Introduction to the transformations of elliptic functions

In his Fundamenta Nova, Jacobi introduced his elliptic functions only to investigate the equation:

\[{\mathrm dy\over\sqrt{1-y^2}\sqrt{1-k^2y}}={\mathrm dx\over M\sqrt{1-x^2}\sqrt{1-\ell^2x^2}}.\tag1\]

$k$ and $l$ are assumed to lie in $(0,1)$ throughout this article.

Particularly, he was seeking expressions of $y$ in terms of $x$ for which $M$ is some constant. In this article, we present Jacobi's imaginary transformation and Landen's transformation, which are important special cases that motivated Jacobi to study the general formula (1).
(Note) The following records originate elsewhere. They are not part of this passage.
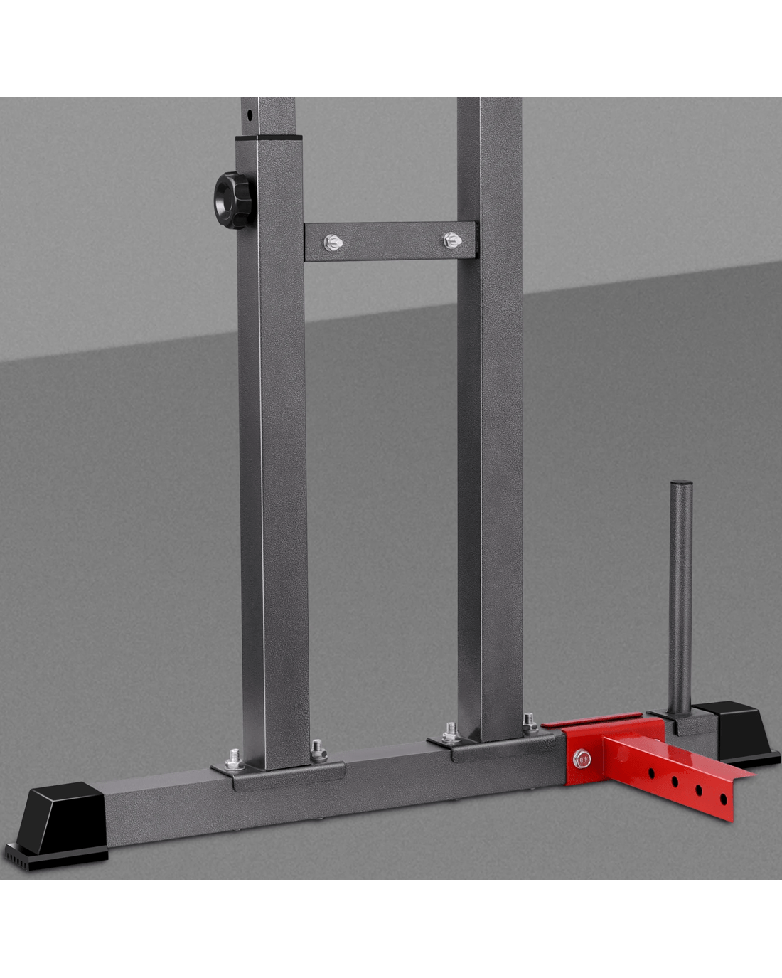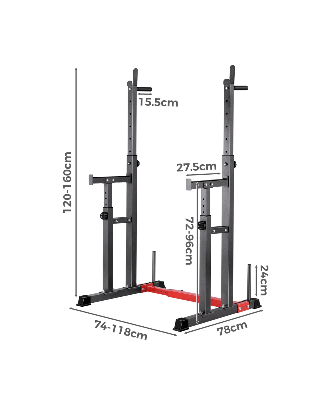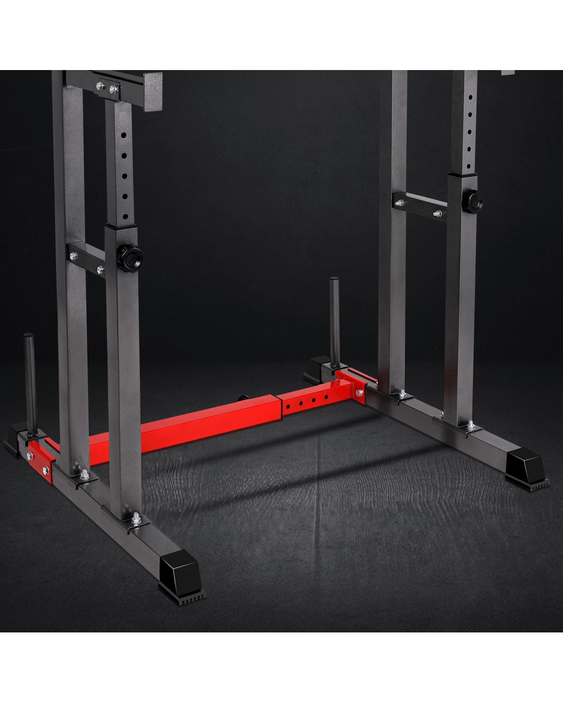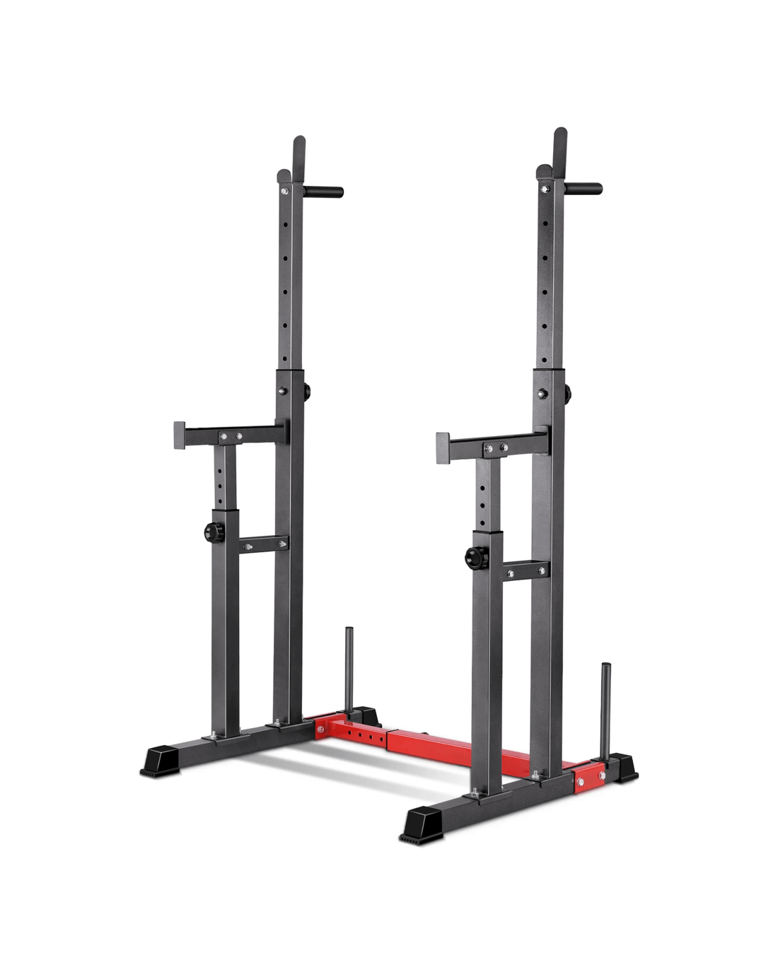Constructed from quality steel, the squat rack is designed to be durable with 300kg weight capacity and offers rock-solid stability. The gorgeous powder-coated paint job will keep it looking fresh for years to come. Crafted with safety in mind, the rack is also equipped with sturdy rubber feet to keep the metal frame from damaging flooring and to keep the rack in place.
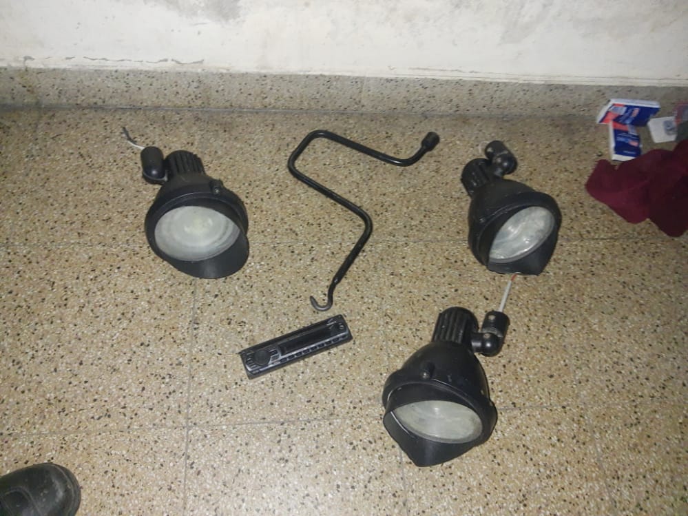de dudosa procedencia como ser: 3 tipo reflectores, una tapa de estéreo, una llave tuerca-gancho.
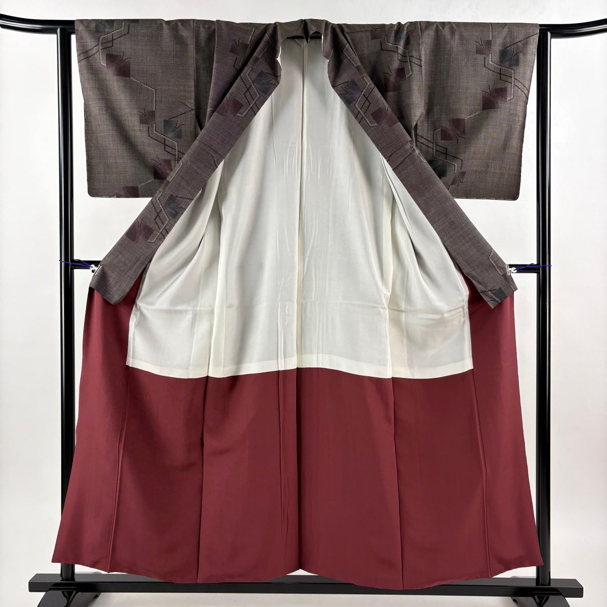 紬 身丈165cm 裄丈64cm M 袷 幾何学模様 焦茶色 正絹 秀品
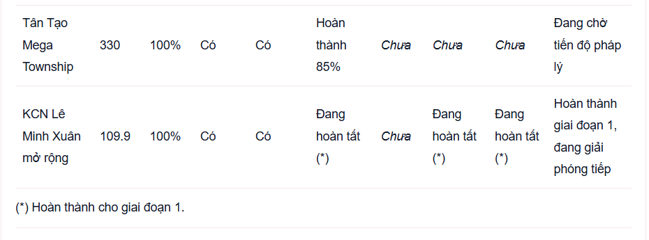 KCN Lê Minh Xuân: Giai đoạn 1 đã hoàn thành giải phóng mặt bằng và nhận giấy phép xây dựng, các giai đoạn tiếp theo đang giải phóng mặt bằng.
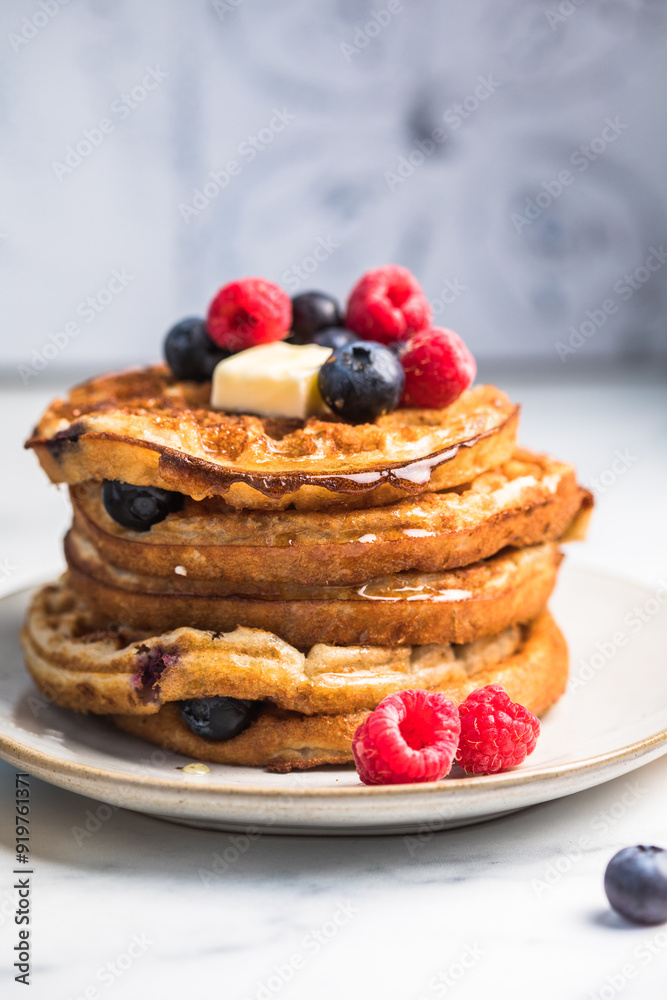 Stack of Belgium waffle pancakes topped with roses jam butter. Breakfast
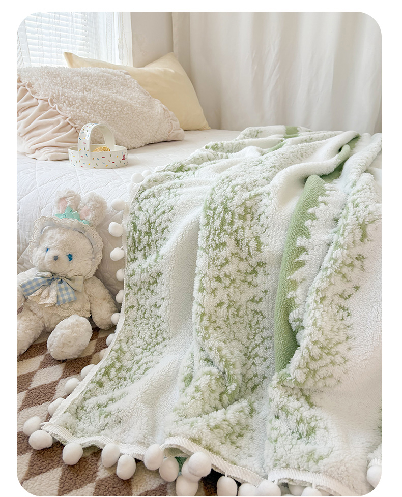 商品名称:潮邦创意家居 【标准250G】阳离子双色提花星绒梦语小球毯可供跨境电商可压缩 星绒梦语雅绿
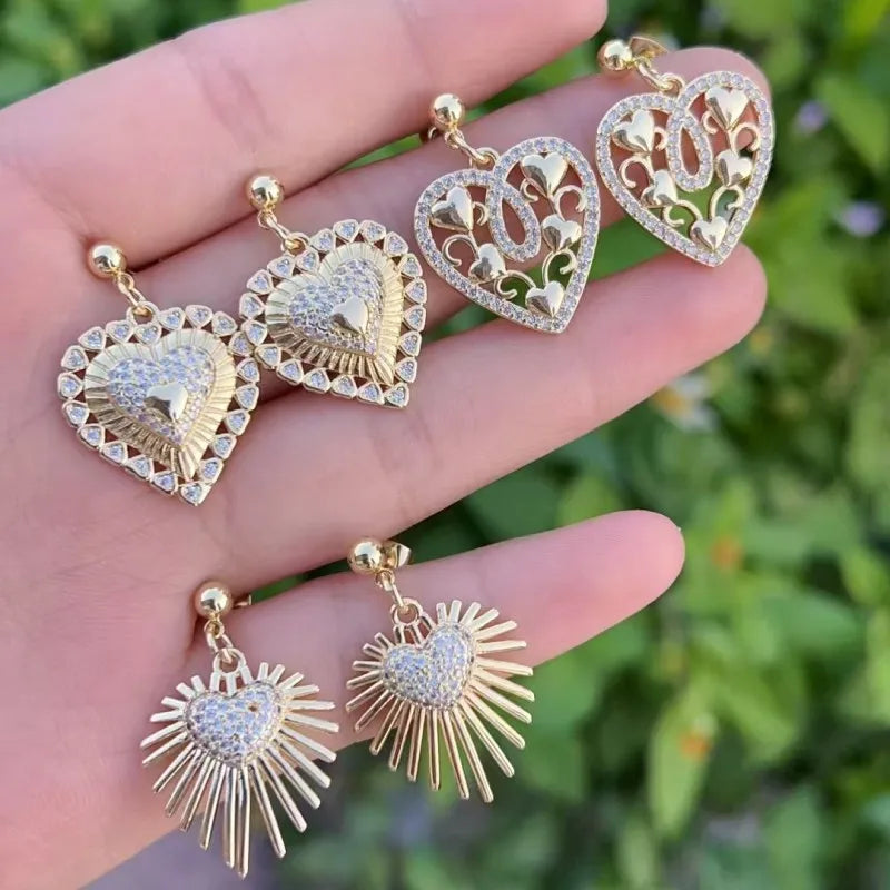 1 Pair/Package Casual Modern Style Sweet Heart Shape Polishing Hollow Out Inlay Copper Zircon 18K Gold Plated Drop Earrings
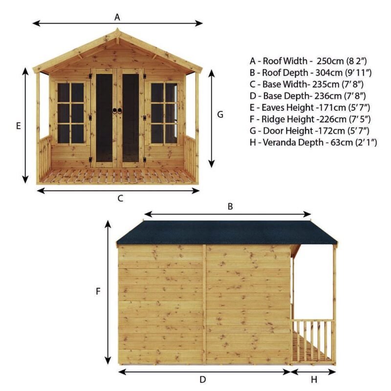 Question:Just to be sure the 10ft is from front to back and including the veranda. And the 10 x 8 ft is the outside deminsions of the shed exactlly
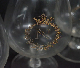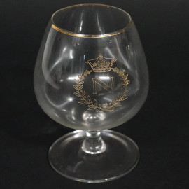 Sei bicchieri napoleonici da Brandy in vetro trasparente con monogramma e profili dorati, XX secolo.
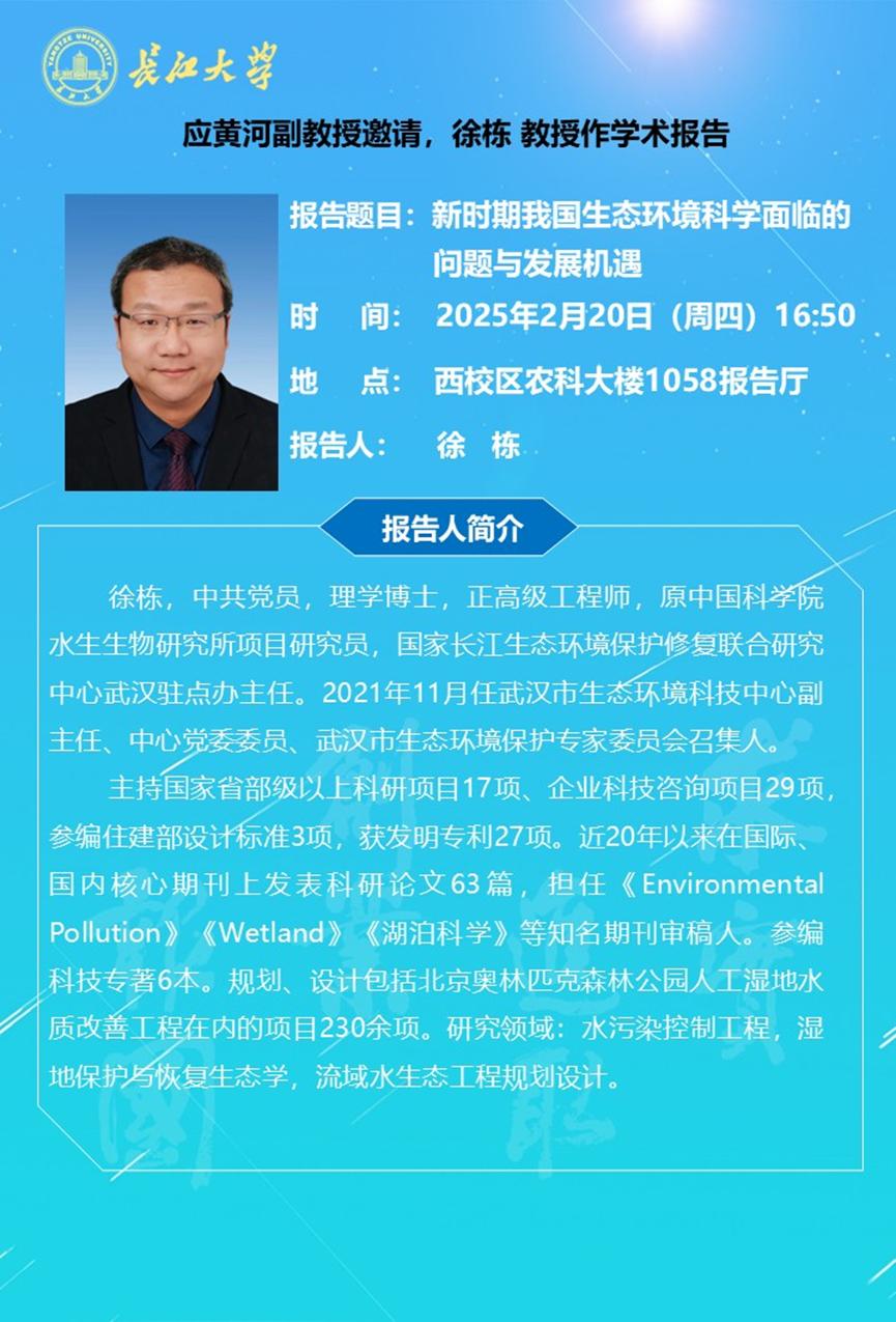 长江化工讲坛:新时期我国生态环境科学面临的问题与发展机遇
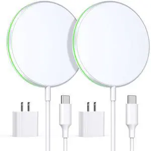 [Apple MFi Certified] 2Pack 6FT Mag-Safe Wireless Charger, 15W Fast Magnetic Pad with USB-C Block for iPhone 17/16/15/14/13/12 (Air/Pro/Max/Plus) & AirPods 4/3/2/Pro/Pro2 - Apple Wireless Charging KitBrand: Originais iPlacePart Number: 736250224872Compatible Phone Manufacturer: iPhone Air, iPhone 17 Pro, iPhone 17 Pro Max, iPhone 17, iPhone 16 Pro, iPhone 16 Pro Max, iPhone 16, iPhone 16 Plus, iPhone 15 Pro, iPhone 15 Pro Max, iPhone 15, iPhone 15 Plus, iPhone 14 Pro, iPhone 14 Pro Max, iPhone 14, iPhone 14 Plus, iPhone 13 Pro, iPhone 13 Pro Max, iPhone 13 mini, iPhone 13, iPhone 12 Pro, iPhone 12 Pro Max, iPhone 12 mini, iPhone 12, iPhone 11 Pro, iPhone 11 Pro Max, iPhone 11, iPhone XS, iPhone XS Max, iPhone XR, iPhone X, iPhone 8, iPhone 8 Plus, AirPods Pro 3, AirPods Pro 2, AirPods Pro 2 with MagSafe Charging Case (Lightning), AirPods Pro (1st generation) with MagSafe Lightning Charging Case, AirPods (3rd generation) with MagSafe Charging Case, AirPods with Wireless Charging Case (2nd generation)Color: white 15w & 6ft, 2-Set...Model #: 431784028330

Jacobi's imaginary transformation

For the sake of convenience, let $y=\sin\alpha$ and $x=\sin\beta$, so (1) is equivalent to

\[{\mathrm d\alpha\over\sqrt{1-k^2\sin^2\alpha}}={\mathrm d\beta\over M\sqrt{1-\ell^2\sin^2\beta}}.\tag2\]

Using Weierstrass substitution $s=\tan\frac\alpha2$, we obtain

\[\sin\alpha={2s\over1+s^2},\quad\mathrm d\alpha={2\over1+s^2}\mathrm ds,\]

so the left-hand side of (2) becomes

\[{\mathrm d\alpha\over\sqrt{1-k^2\sin^2\alpha}}={\mathrm ds\over\sqrt{s^4+2s^2(1-2k^2)+1}}.\tag3\]

Let $k'=\sqrt{1-k^2}$ and $t=is$, so we obtain

\[{\mathrm ds\over\sqrt{s^4+2s^2(1-2k^2)+1}}={\mathrm ds\over i\sqrt{t^4+2t^2(1-2k'^2)+1}}.\]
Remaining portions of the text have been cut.